Chevron's earnings warning and other downbeat forecasts mean investors may have to wait longer for a recovery
Stocks in the energy sector slipped on Apr. 13 after Chevron (CVX) warned of "sharply lower" profits, underlining expectations that the sector's earnings face a rough first quarter.
Yet many investors continue to stick with energy stocks. After a steep decline in both energy shares and the price of oil and other commodities last year, many still hope for a revival for big oil and other energy companies in the second half of this year. So far this year through Apr. 9, the S&P Energy index has fallen 6.3%, vs. a 5.2% drop in the S&P 500 index. But some groups within energy, such as oil and gas drilling and energy equipment and services, are up for the year.
The main dispute between energy bulls and bears: the state of the world economy, and whether a recovery is coming soon or later. The global economy will have a direct effect on the demand for oil and other energy sources. For big energy companies like Chevron, Exxon Mobil (XOM), ConocoPhillips (COP), and BP (BP), "oil and gas prices are the main driver for the bottom line," says Tina Vital, equity analyst at Standard & Poor's. (S&P, like BusinessWeek, is a unit of The McGraw-Hill Companies.)
No Relief in 2009
Chevron's announcement, issued late on Apr. 9, caused stock analysts to cut their earnings expectations sharply for the oil giant, which will report full results on May 1. The main culprit is the price of oil, which has slashed Chevron's profit margins throughout its business operations. "It's a very tough pricing environment for crude oil," says Ben Halliburton, chief investment officer at Tradition Capital Management.
On Apr. 10, the International Energy Agency said it expects global demand for oil to drop 2.8% in 2009. The IEA cited "a growing consensus that economic and oil demand recovery will be deferred to 2010." On the NYMEX on Apr. 13, crude oil prices dropped 4.5%, to just below $50 per barrel. Last July, oil hit a peak of $147 per barrel.
The global recession has destroyed demand for crude oil, says Halliburton, who is pessimistic about the prospects for an economic rebound any time soon. "Recovery this year in the economy is a pipe dream," he says. A "muted" recovery could arrive in the early part of 2010, he says.
However, Hodges Capital Management energy analyst Mike Breard points out that world governments are "throwing so much money into the system, eventually it's going to help." He predicts a rebound in oil prices in the second half of 2009. That's driven not just by economic recovery, he says, but also a slowdown in drilling by the industry and the depletion of existing wells. Oil prices should also rise if the world experiences a bout of inflation or the U.S. dollar weakens, he adds. S&P's Vital agrees. "Most people believe that this dip in oil prices is temporary," she says.
The problem with predictions of oil prices, however, is that commodity forecasters are notoriously unreliable.
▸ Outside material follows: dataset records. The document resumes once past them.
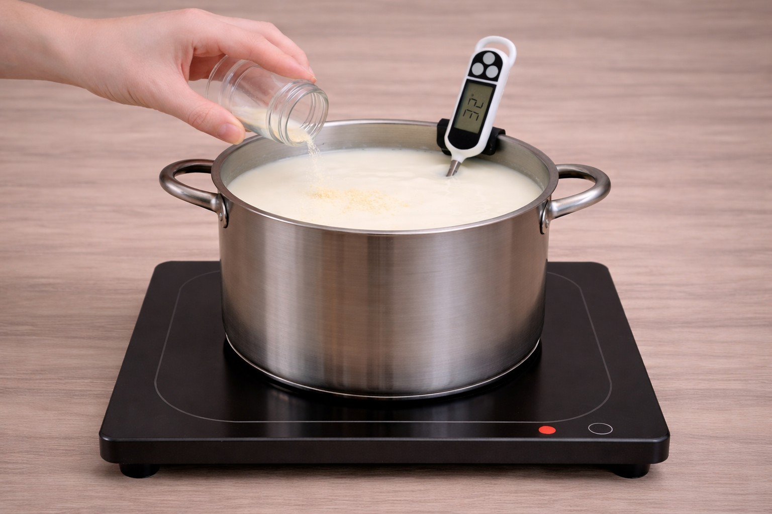 - Как только молоко достигло нужной температуры, добавьте закваску. Для этого высыпьте закваску на поверхность молока и оставьте на 2 минуты, только потом перемешайте. Такой способ внесения закваски предотвращает появления комочков закваски. На этой стадии плесени не добавляются!!!
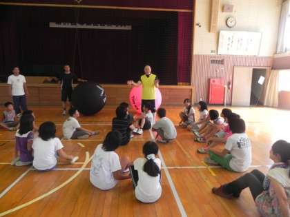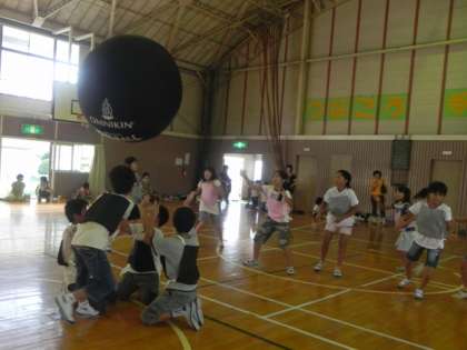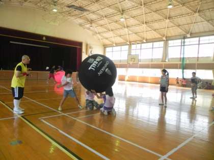 ボールに慣れたところで、いよいよ正式なルールで行います。4人1組のチームを3チーム作り、それぞれ「ブラック」「グレー」「ピンク」のゼッケンを付けます。はじめに、1つのチーム(たとえばブラック)が「オムニキン(これは合い言葉)、ピンク」と言ってボールを打ち上げます。そこでピンクチームがボールをキャッチできないと、他の2チームの得点になります。(分かったかな?)これを続けていって、得点の多いチームの勝ちになります。参加した子どもたちも、最初はよく分からない様子でしたが、すぐに慣れて、最後の試合では、どんどん夢中になりました。大きなボールの魅力、子どもでも参加しやすいこと、作戦を考える点など、とても楽しくて奥の深いスポーツだと思いました。
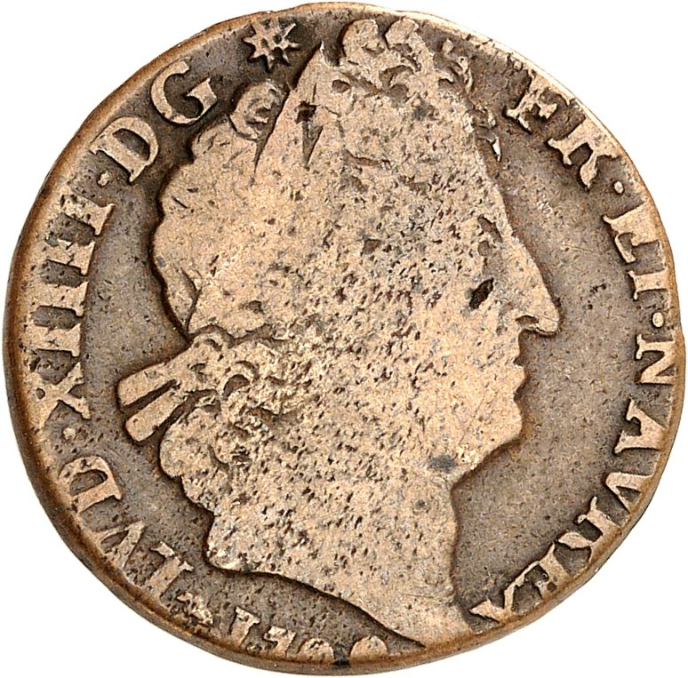 Av. (différent) LVD. XIIII. D. G (soleil) FR. ET. NAV. REX. Tête laurée du Roi à droite, les cheveux courts ; (date) au-dessous.
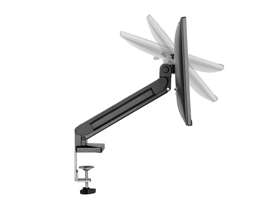 Sæt dit tv og computerskærme direkte på skrivebordet. På denne måde kan du bruge din skærm med fuld bevægelsesfrihed og vippe eller rotere dem, som du vil. Skærmen foldes fladt mod væggen for at skabe mere plads på dit skrivebord. Det er velegnet til flade og buede skærme for at give dig en ny dimension af visuel komfort.
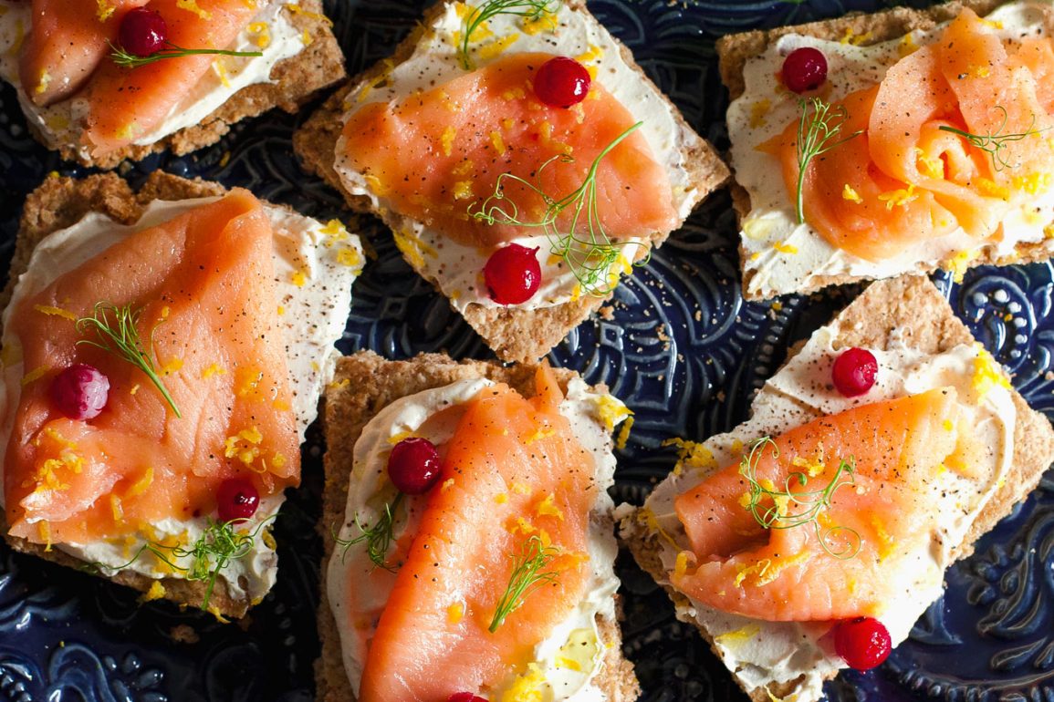 - Untar las crackers con el queso crema, agregar una feta de salmón ahumado y decorar con grosellas rojas. Espolvorear con más pimienta y ralladura de limón y servir inmediatamente.
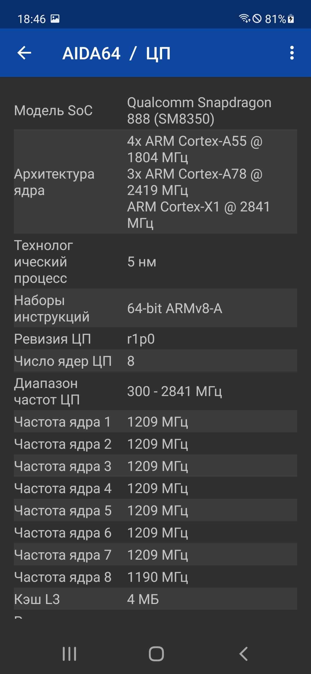 - SoC Qualcomm Snapdragon 888 5G, 8 процессорных ядер (1×Cortex-X1 @2,8 ГГц + 3×Cortex-A78 @2,4 ГГц + 4×Cortex-A55 @1,8 ГГц)

Edmund Cowart, portfolio manager at Eagle Asset Management, says oil companies "can't control the prices they receive." However, they can control other factors, and Cowart believes Chevron is doing a good job (he owns Chevron shares).
While the industry as a whole is cutting back on new drilling and seeing existing wells dry up, Chevron is expected to increase production by a healthy 4% in 2009. In the first quarter, Chevron said it has increased production through repairs of Gulf of Mexico facilities damaged by hurricanes last year. Several other international oil fields are expected to bear fruit in 2009 and beyond, analysts say.
Cowart adds that Chevron seems to be controlling costs in its refineries—even though profit margins for the refining industry are getting squeezed by low oil prices. "We think they're doing a pretty good job" with the things the company can control, he says.
For bullish energy investors, the one bright spot is China. According to Ed Yardeni, president of Yardeni Research, China's "stimulus program may be starting to work already." Car sales and iron ore imports hit a record in March; industrial production rose 8.3% from the year before; and crude oil imports reached a one-year high, Yardeni wrote in an Apr. 13 note.
But, assuming such encouraging numbers are sustainable, there is no guarantee that fast growth in China will be enough to make up for shrinking demand in the rest of the world.
When oil prices and the world economy recover, investors could see lots of upside in energy stocks. But if the global slowdown lingers or worsens, even oil's current price of $50-per-barrel may be seen as overly optimistic. And shares of even the best-run oil companies will feel the consequences.